BEGIN
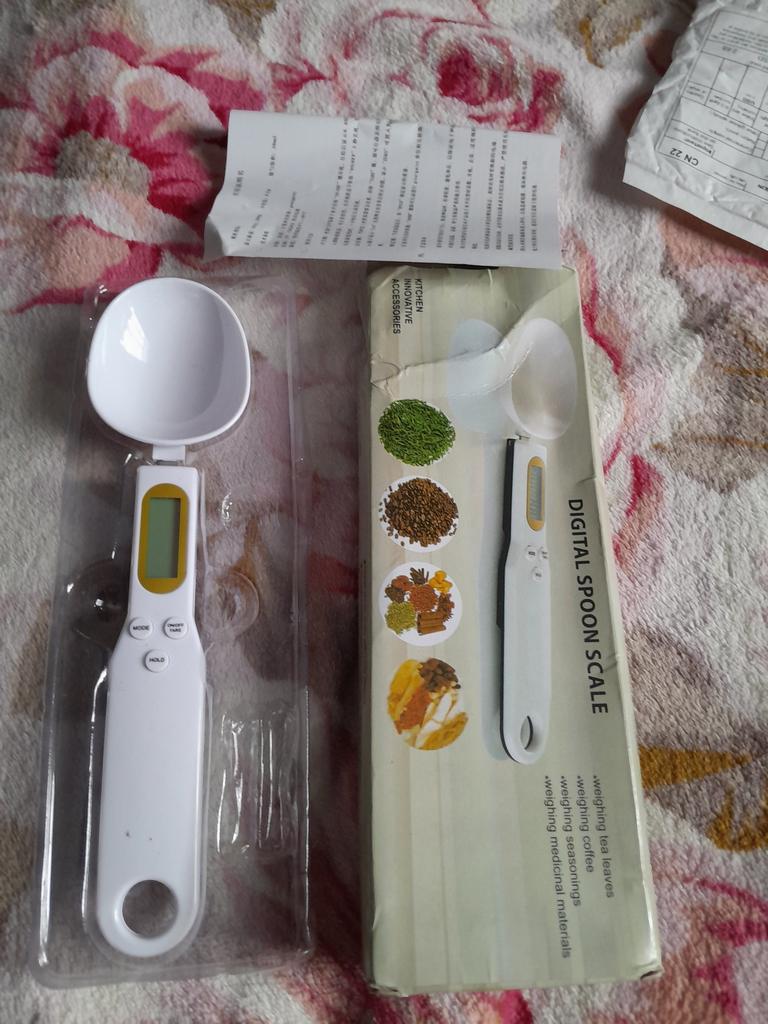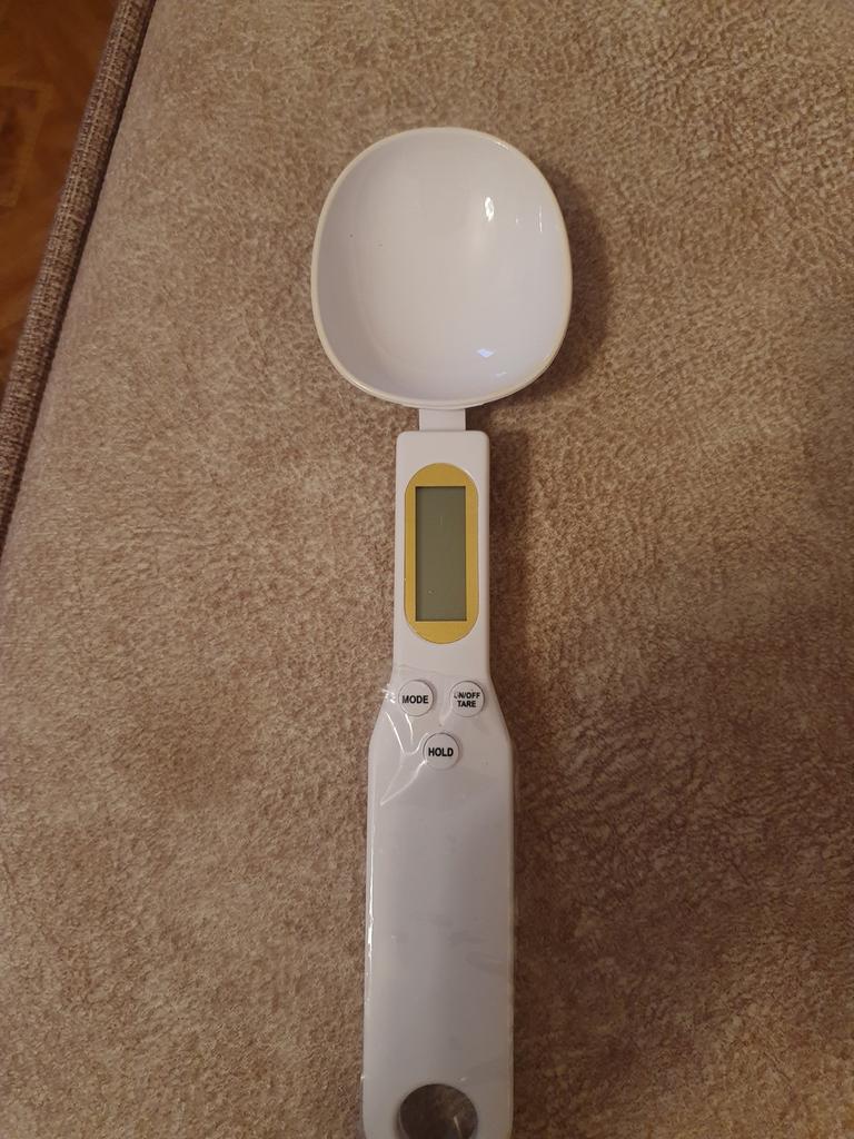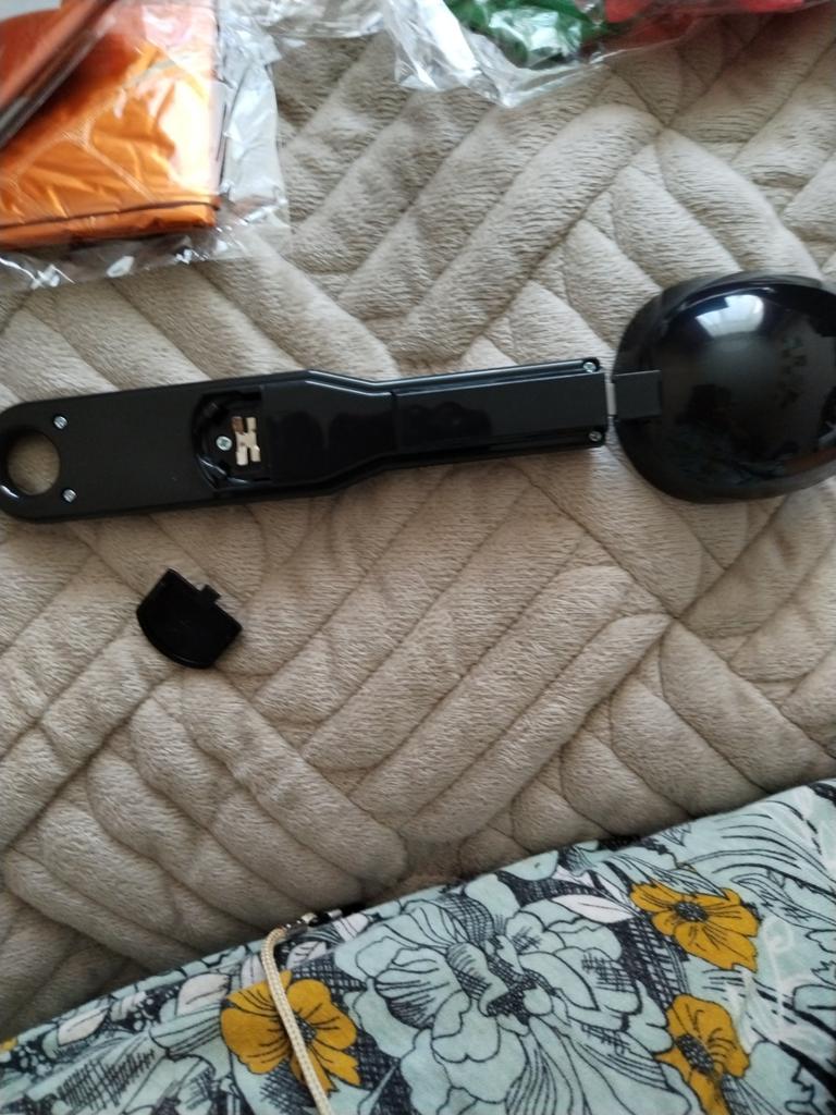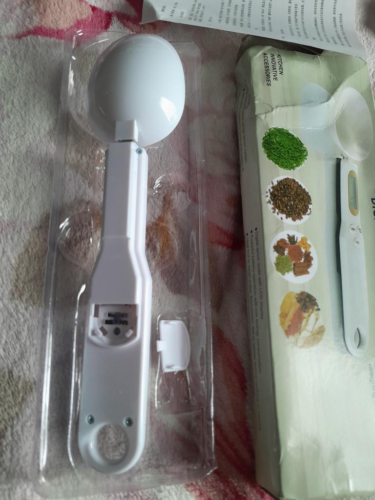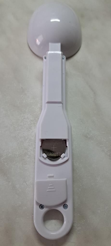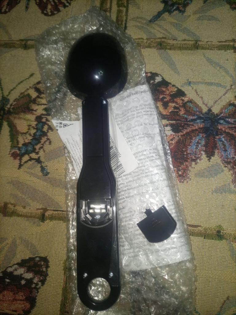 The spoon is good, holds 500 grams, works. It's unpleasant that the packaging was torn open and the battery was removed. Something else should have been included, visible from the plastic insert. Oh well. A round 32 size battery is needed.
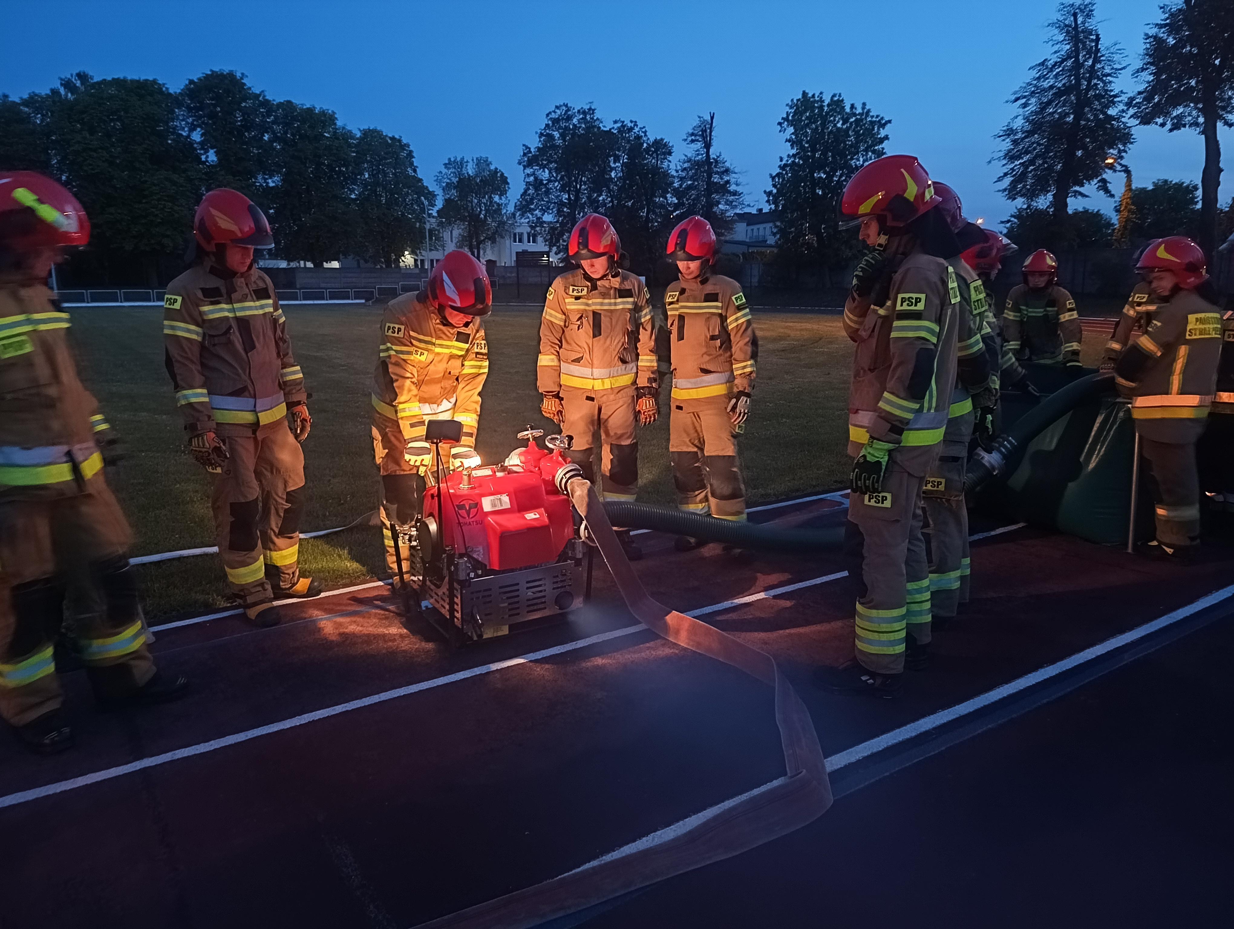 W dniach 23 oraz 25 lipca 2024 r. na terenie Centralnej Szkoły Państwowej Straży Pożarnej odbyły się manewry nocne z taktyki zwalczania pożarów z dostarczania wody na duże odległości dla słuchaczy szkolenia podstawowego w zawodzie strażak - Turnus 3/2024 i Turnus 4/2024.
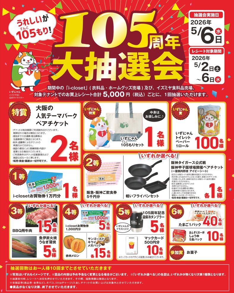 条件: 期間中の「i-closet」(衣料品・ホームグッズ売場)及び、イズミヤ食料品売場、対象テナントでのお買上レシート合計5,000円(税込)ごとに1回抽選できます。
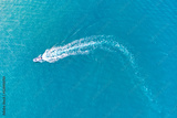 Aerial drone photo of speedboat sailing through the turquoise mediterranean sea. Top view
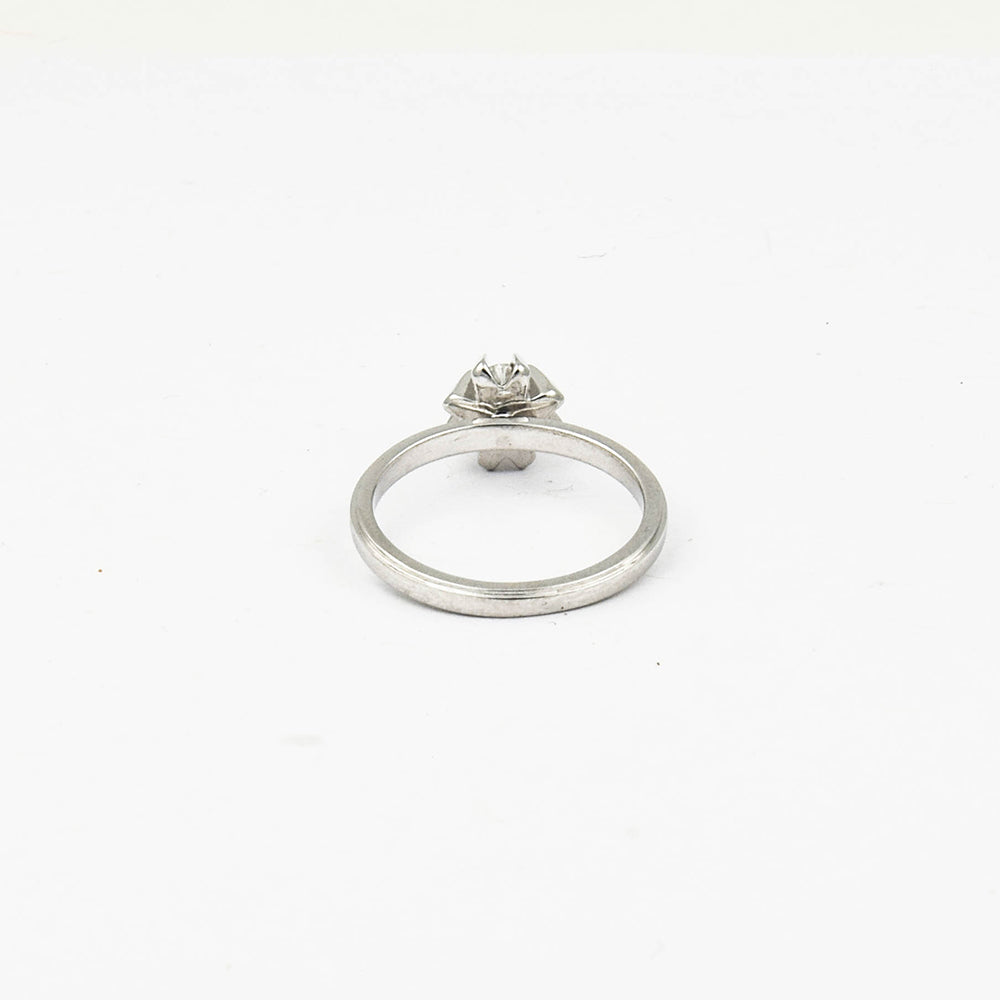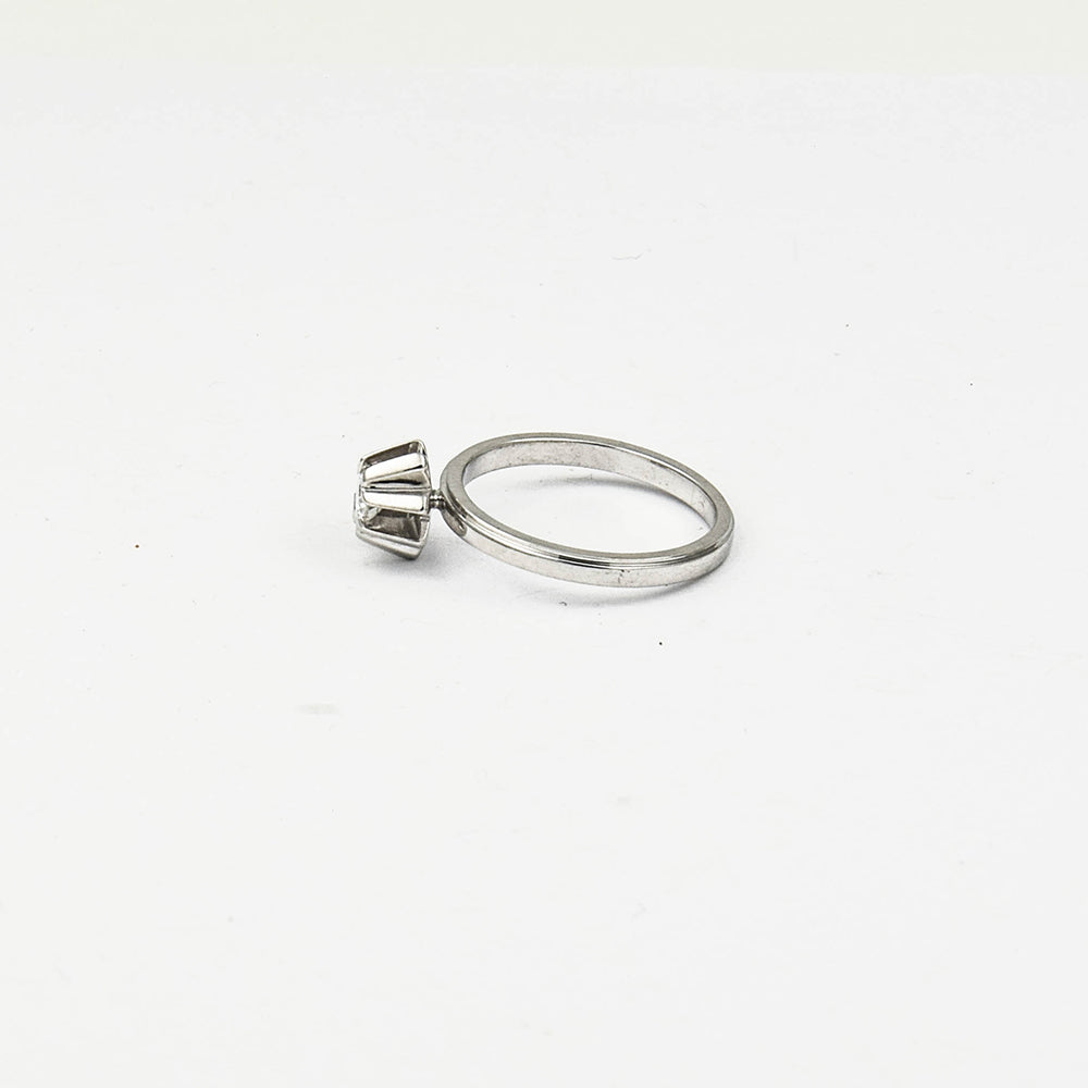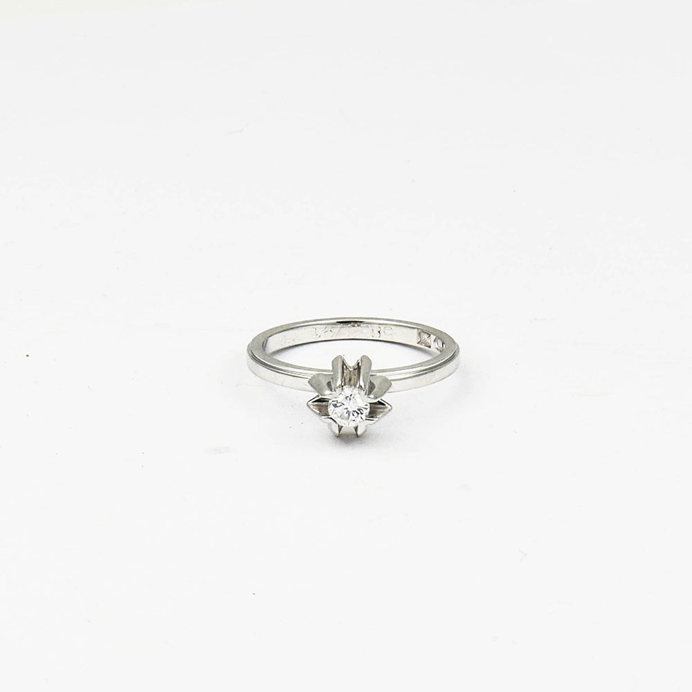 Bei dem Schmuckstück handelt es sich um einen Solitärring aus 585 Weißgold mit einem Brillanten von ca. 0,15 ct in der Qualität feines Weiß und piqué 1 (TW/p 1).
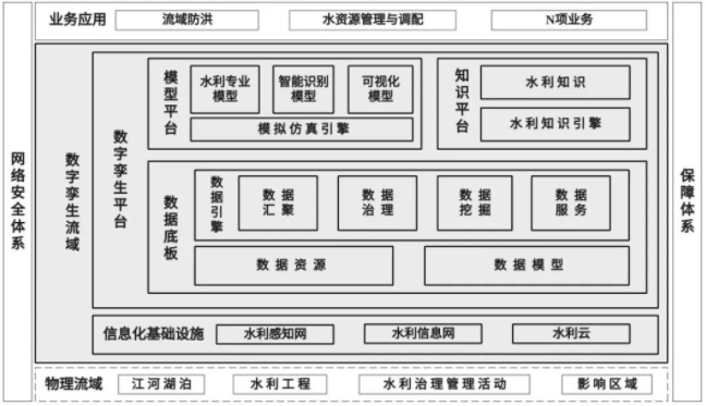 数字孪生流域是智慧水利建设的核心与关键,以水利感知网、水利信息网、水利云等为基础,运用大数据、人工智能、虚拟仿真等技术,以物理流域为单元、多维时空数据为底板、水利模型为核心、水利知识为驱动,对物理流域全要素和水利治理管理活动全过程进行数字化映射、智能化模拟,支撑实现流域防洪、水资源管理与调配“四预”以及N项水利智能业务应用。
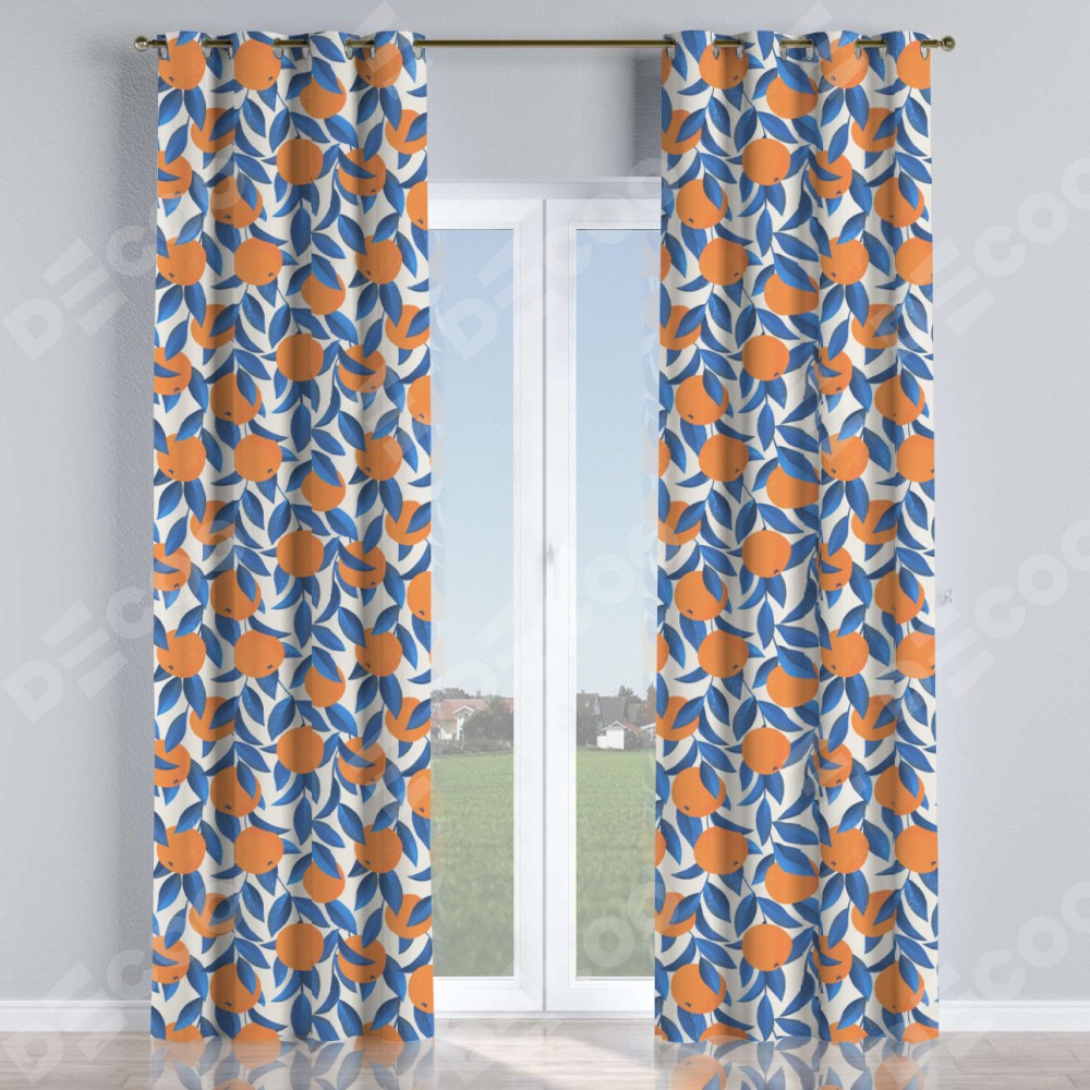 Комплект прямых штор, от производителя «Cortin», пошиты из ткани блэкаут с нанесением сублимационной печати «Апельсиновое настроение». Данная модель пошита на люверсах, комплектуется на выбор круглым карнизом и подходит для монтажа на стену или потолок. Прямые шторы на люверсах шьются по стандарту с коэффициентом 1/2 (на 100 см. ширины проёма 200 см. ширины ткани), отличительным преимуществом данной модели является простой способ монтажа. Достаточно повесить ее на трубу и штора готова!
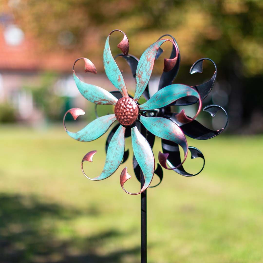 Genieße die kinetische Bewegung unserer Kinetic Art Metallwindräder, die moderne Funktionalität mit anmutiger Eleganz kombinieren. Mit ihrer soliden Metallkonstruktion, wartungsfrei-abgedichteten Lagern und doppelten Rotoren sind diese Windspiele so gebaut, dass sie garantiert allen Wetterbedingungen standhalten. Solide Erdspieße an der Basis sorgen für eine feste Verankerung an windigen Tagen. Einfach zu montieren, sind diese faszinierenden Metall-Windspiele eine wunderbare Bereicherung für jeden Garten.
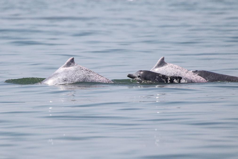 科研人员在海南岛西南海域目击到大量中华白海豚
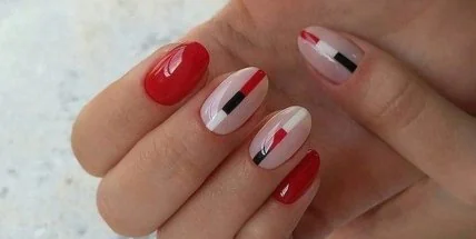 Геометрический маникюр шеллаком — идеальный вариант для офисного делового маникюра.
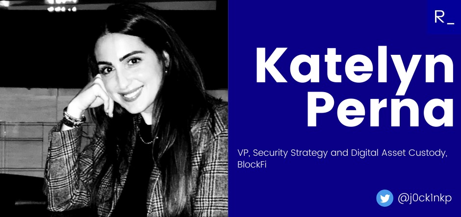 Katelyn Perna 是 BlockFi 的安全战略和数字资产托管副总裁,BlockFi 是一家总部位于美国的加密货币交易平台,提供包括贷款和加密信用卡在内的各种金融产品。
END
▸ **Your assignment**: Please output the lines from the line that contains "Геометрический маникюр шеллаком" through the end of the records, both ends included, exactly and with no pictures.

▸ **Exercise output**:
 Геометрический маникюр шеллаком — идеальный вариант для офисного делового маникюра.
 Katelyn Perna 是 BlockFi 的安全战略和数字资产托管副总裁,BlockFi 是一家总部位于美国的加密货币交易平台,提供包括贷款和加密信用卡在内的各种金融产品。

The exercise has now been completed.